Otherwise, I think I wouldn’t mind ads for drugs on TV, providing that a complete list of the possible side effects appears in the ad, read slowly enough so that everybody can clearly understand
If you depend on TV, you’d only get information from those companies who chose to advertise on the programs you watch. By that criteria, Enzyte was the number one drug in America. Sponsored links appear in the context of other links, and so I’m fine with them.
Going to your doctor armed with the results of research is a good thing. Going to your doctor armed only with what you saw on TV is not necessarily a good thing.

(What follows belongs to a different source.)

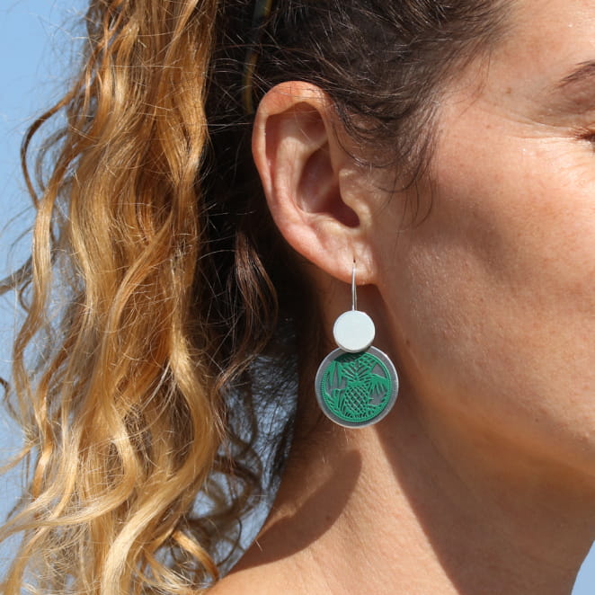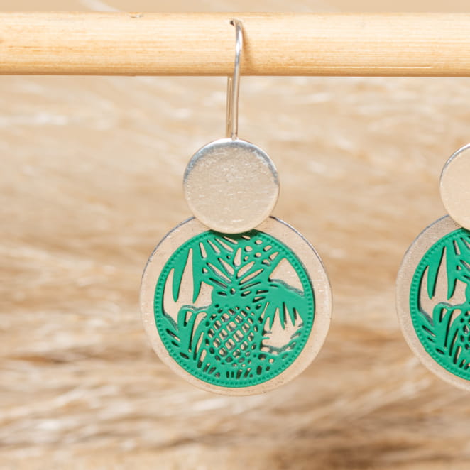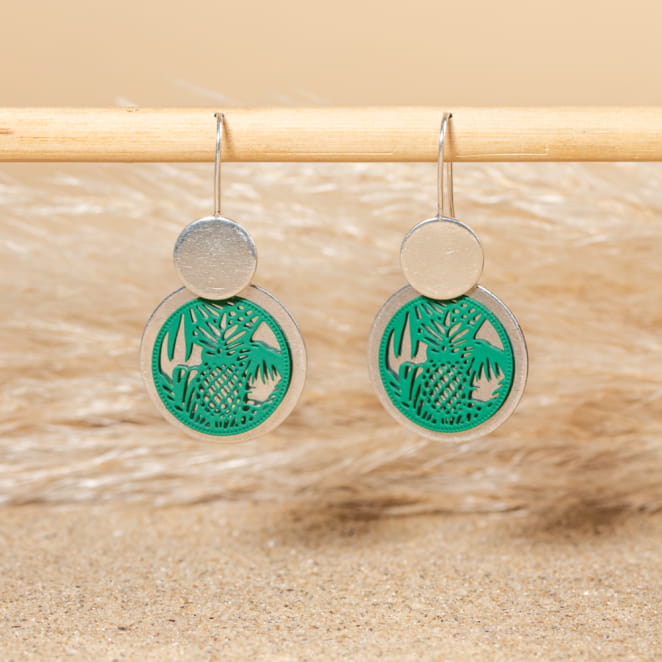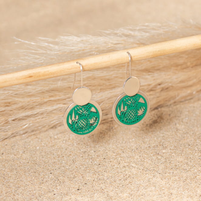 Découvrez l'éclat de nos boucles d'oreilles argentées et vert Belem. Fabriquées en France, ces boucles d'oreilles allient des pièces rondes argentées à un pendentif ajouré vert, rappelant les pins du bord de mer. Chaque détail évoque la douceur des moments au bord de l'eau, avec des teintes profondes et apaisantes. Laissez-vous emporter par ces bijoux uniques, conçus pour évoquer l'évasion et les souvenirs de vacances ensoleillées !

There have been many, many stories in the Times about the lack of innovation in Big Pharma. I used to live in Central Jersey, right around a lot of research centers, and knew quite a few scientists who worked there, and my wife worked in a small way on a blockbuster drug, Tagamet. I don’t do drug research but I do other kinds of research, and despite my low opinion of these guys I doubt they are stupid enough to be going for a few home runs. There is a problem about researching drugs with an inherently small (though important) market. But why would anyone fund a start-up to work on small drugs without a lot of profit potential?
We have PSAs which do that now, sometimes, and if drug companies wanted to run these to flush out people with a condition who might not know it, I’d be right behind them. They can even put their name and logo on the ad to build up good will.
Especially in the US with our poor health insurance we might want to encourage people to go to the doctor before something horrendous happens.
But…but…if you outlaw advertising, I won’t see any more of those ads with the CGI Pipe People enthusing about their bladders, or falling-apart houses and double bathtubs for the erectile dysfunction people.
And I love hearing the lists of possible side-effects (“May cause lycanthropy in some users”) – it’s a hypochondriac’s dream.
Why do you hate America[sub]'s effort to rein in skyrocketing medical costs?[/sub]
The OP’s proposal is nanny-state nonsense. There is nothing magical about a doctor’s knowledge that I have to blindly trust it, nor is it reasonable to expect a doctor, any doctor, to be fully versed in all the latest advances in pharmocology. I’m perfectly capable of doing layman research with the tools at my disposal and if I have a health problem that an advertised drug seems to address, I see no harm in looking into it, and then bringing up a few relevant questions at my medical appointment.
Basically, fuck that idea that I, as a smart person, must be denied information because of someone’s fears of what some hypothetical stupid person might do with it. Fuck the idea sideways. It’s elitist bullshit that has not even established that the problem it claims to address even exists and deserves all the scorn it can get.